Work instruction.
Retype all data exactly as given. Pictures should not be retyped.

Data section.
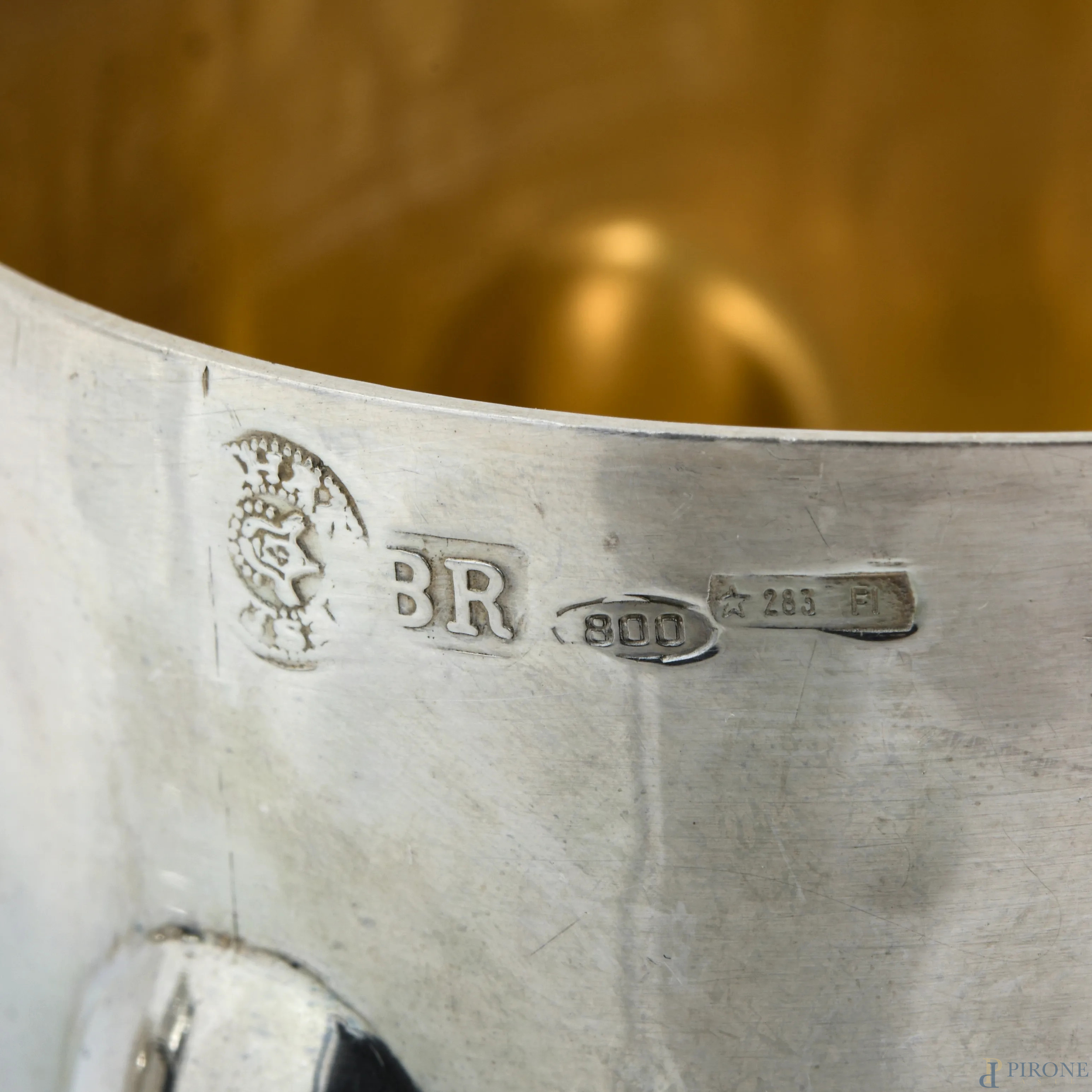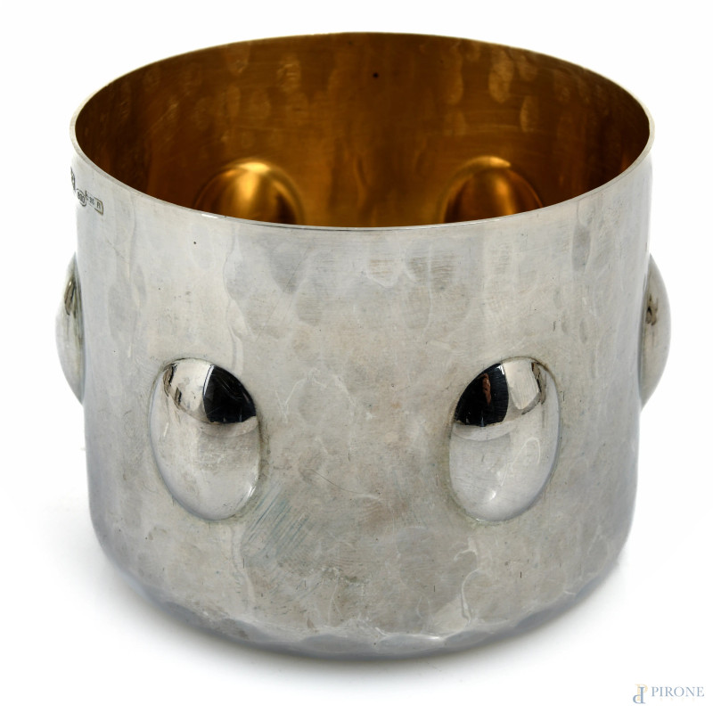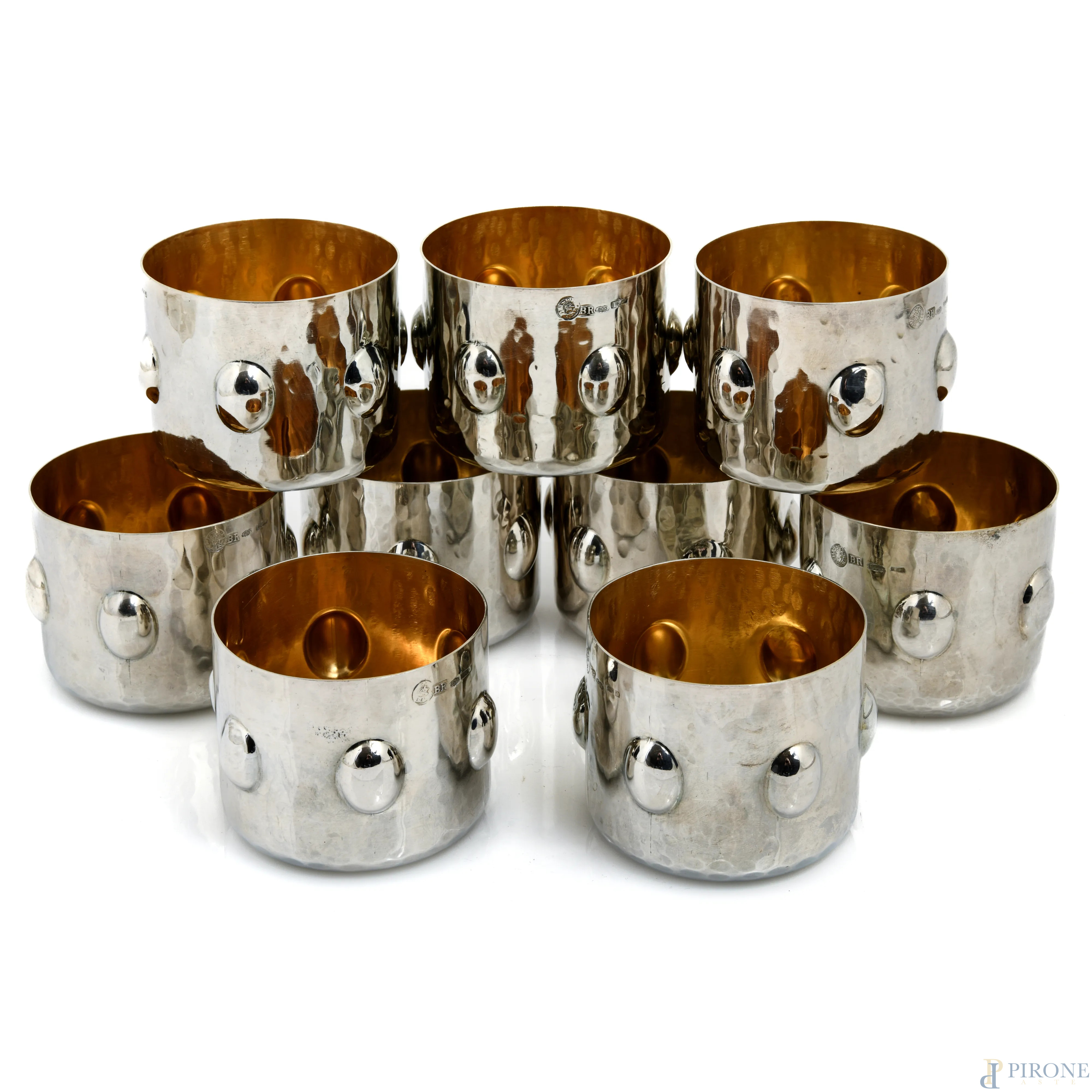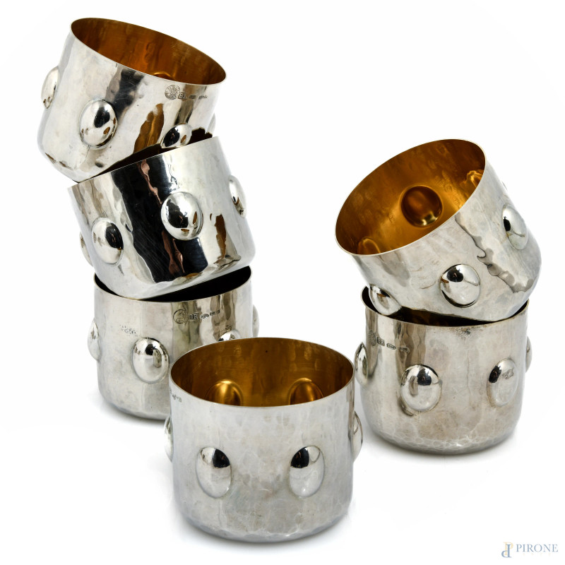 Lotto di 9 bicchieri in argento Brandimarte con decoro a sbalzo e interno vermeil, peso complessivo gr 950, cm 6x7,5
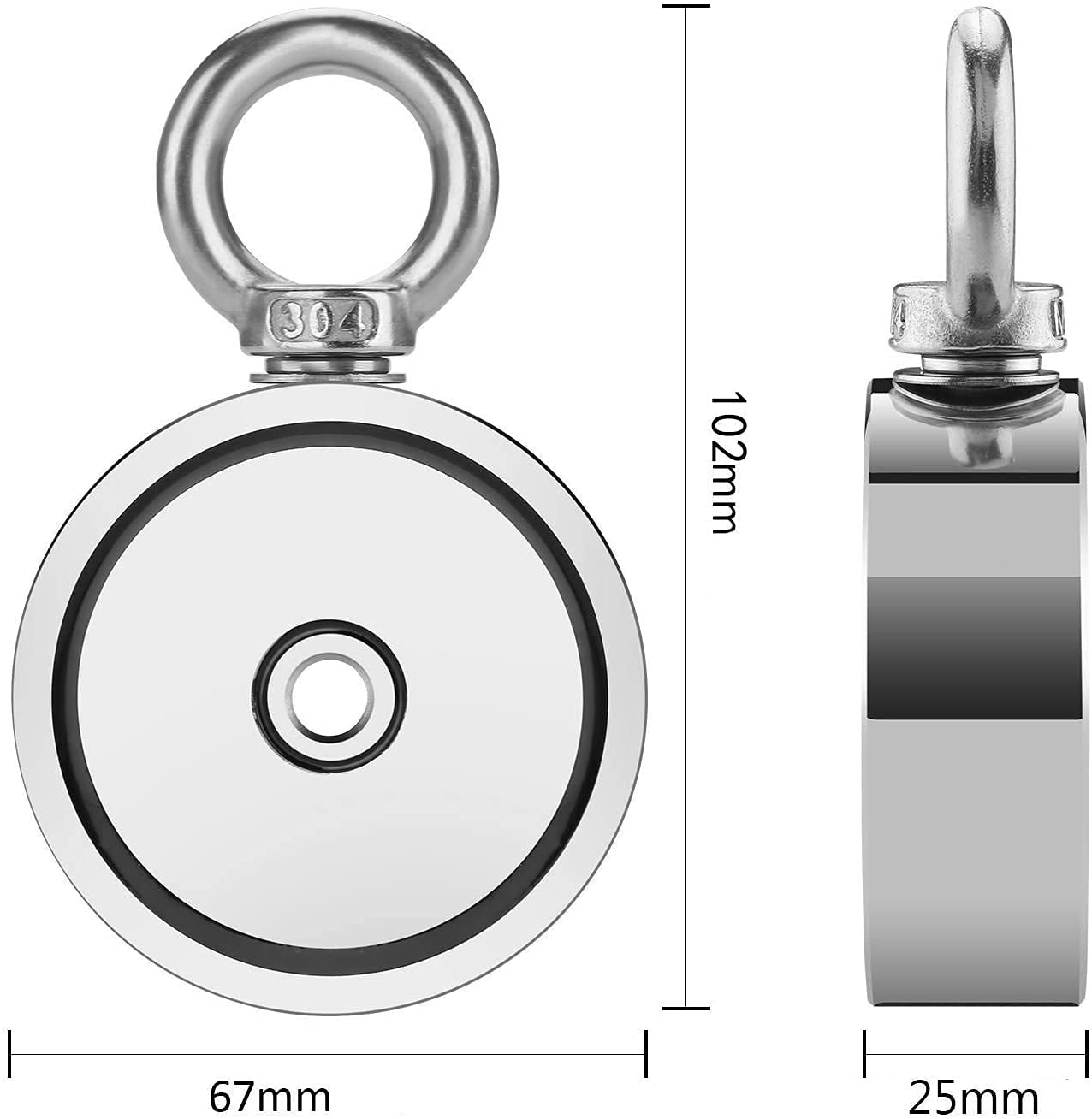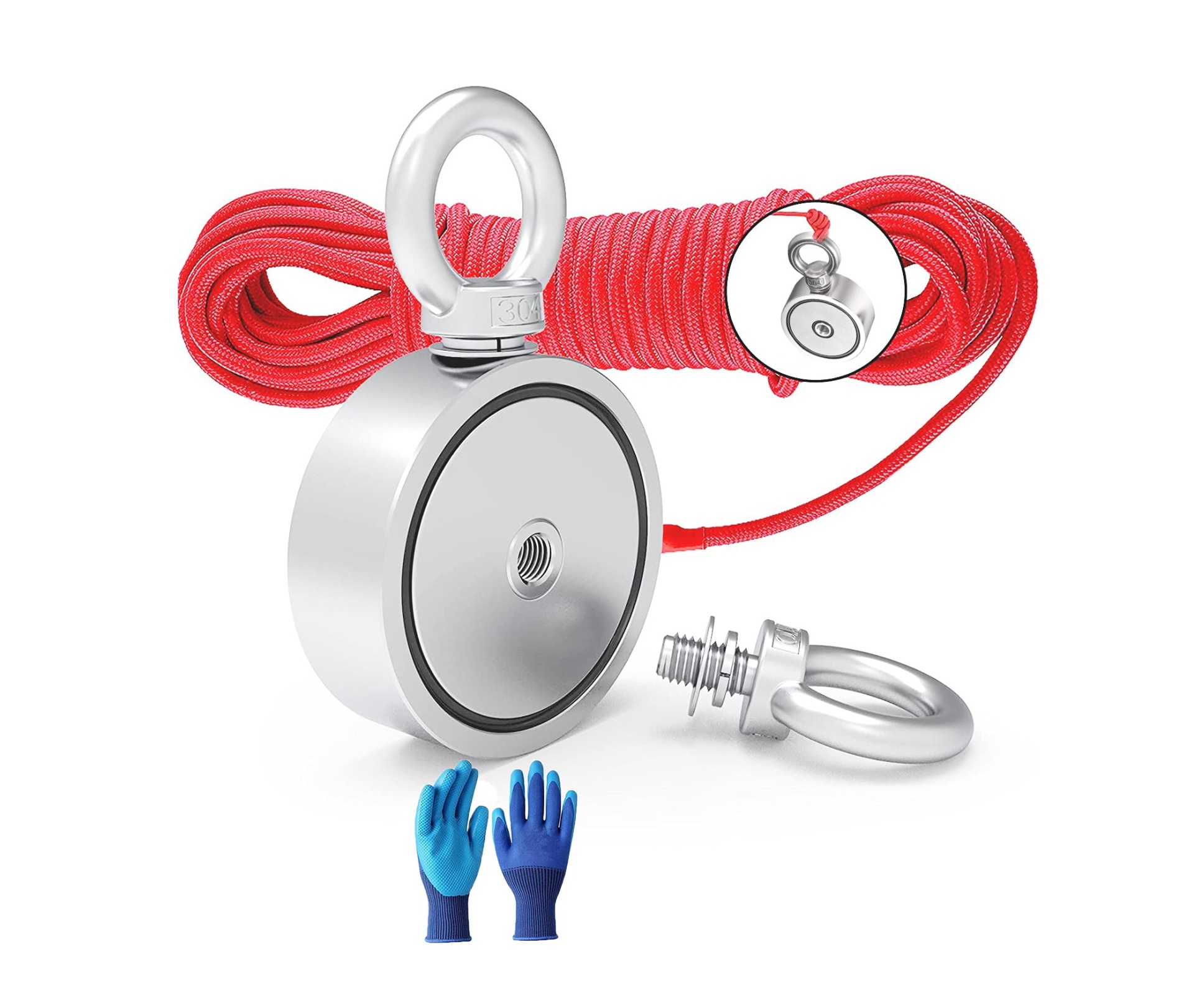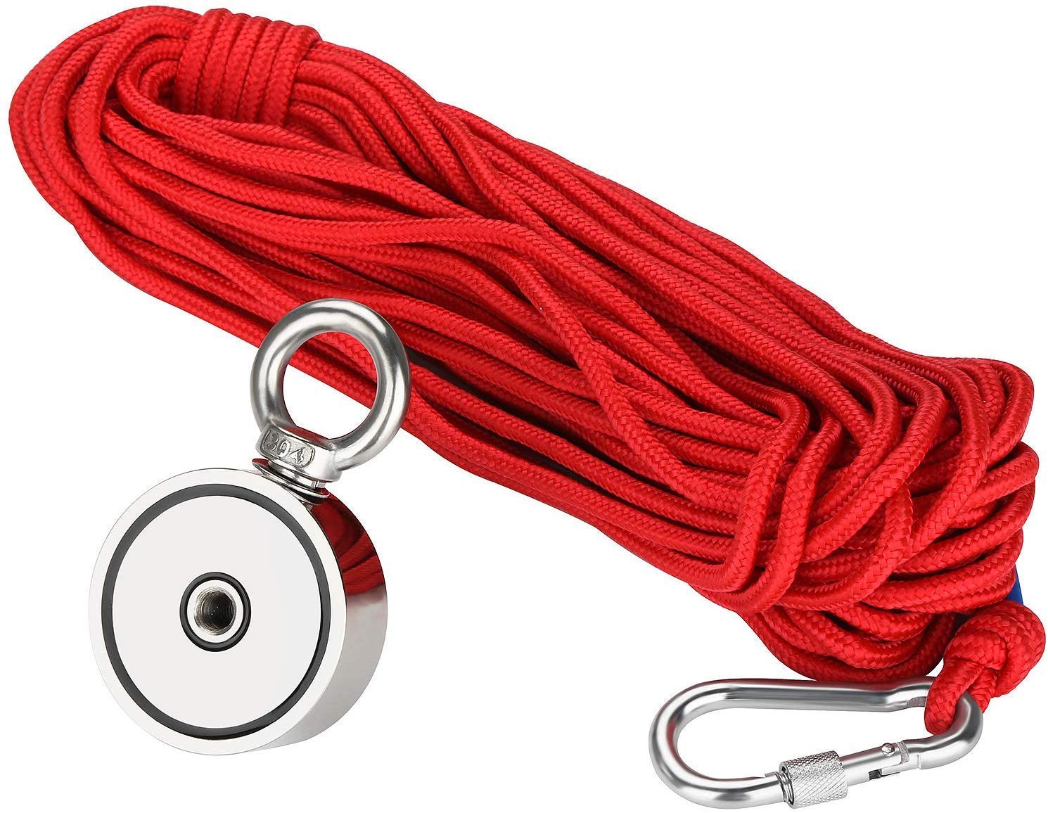 Força combinada é de até 415 kg. Acessório muito útil na caça ao tesouro, pesca, entre outros desportos derivados. Qualidade de precisão: revestimento de camada tripla de Ni + + Ni. O revestimento disponível é brilhante e resistente à oxidação. Design exclusivo com força magnética de dupla face, um íman oferece duas vezes a área de superfície para capturar objetivos. O pacote inclui um íman de dupla face de 415 kg, um par de luvas de pesca magnéticas, uma corda de pesca magnética de 20 m com um puxador máximo de 320 kg.
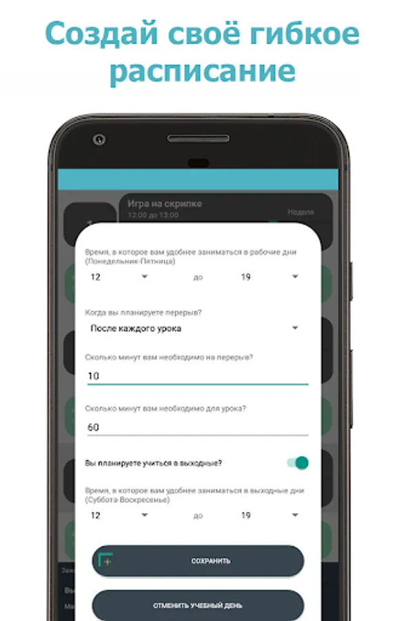 3. After all the necessary subjects have been created in the curriculum, we proceed to the construction of the timetable (the Schedule tab). In the schedule settings, you can specify the period in which you are ready to study and how much you are ready to study.

The answer.
 Lotto di 9 bicchieri in argento Brandimarte con decoro a sbalzo e interno vermeil, peso complessivo gr 950, cm 6x7,5
 Força combinada é de até 415 kg. Acessório muito útil na caça ao tesouro, pesca, entre outros desportos derivados. Qualidade de precisão: revestimento de camada tripla de Ni + + Ni. O revestimento disponível é brilhante e resistente à oxidação. Design exclusivo com força magnética de dupla face, um íman oferece duas vezes a área de superfície para capturar objetivos. O pacote inclui um íman de dupla face de 415 kg, um par de luvas de pesca magnéticas, uma corda de pesca magnética de 20 m com um puxador máximo de 320 kg.
 3. After all the necessary subjects have been created in the curriculum, we proceed to the construction of the timetable (the Schedule tab). In the schedule settings, you can specify the period in which you are ready to study and how much you are ready to study.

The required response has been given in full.